State Department spokesman P.J. Crowley says Secretary of State Hillary Rodham Clinton phoned New Zealand Foreign Minister Murray McCully to express her sorrow over the earthquake, which toppled buildings in Christchurch and killed dozens of people.

To assist the humanitarian response, the U.S. sent a team that includes search-and-rescue staff from the Los Angeles County fire department.

"We stand ready to assist the government of New Zealand in any way we can,'' Rajiv Shah, the administrator of the U.S. Agency for International Development, said in a statement.
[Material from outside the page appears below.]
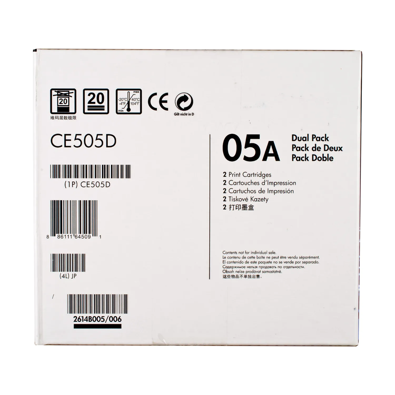 Оригинальный картридж CE505D, произведен компанией HP, которая гарантирует качественную печать на протяжении всего ресурса - 2*2300 страниц. Картридж 05A черный HP (CE505D) относится к группе оригинальных расходных материалов, единственным минусом которых является высокая стоимость.

The U.S.-New Zealand forum brings together government and business leaders from both countries to discuss ways the U.S. and New Zealand can work on trade and other regional issues. Among those in attendance were former Sen. Evan Bayh, D-Ind., and his wife, Susan. An aide to Bayh, Beth Chrusciel of the Washington law firm McGuireWoods, said both Bayhs were fine following the quake and they had left Christchurch in accordance with local officials' request for people to leave damaged sections of the city.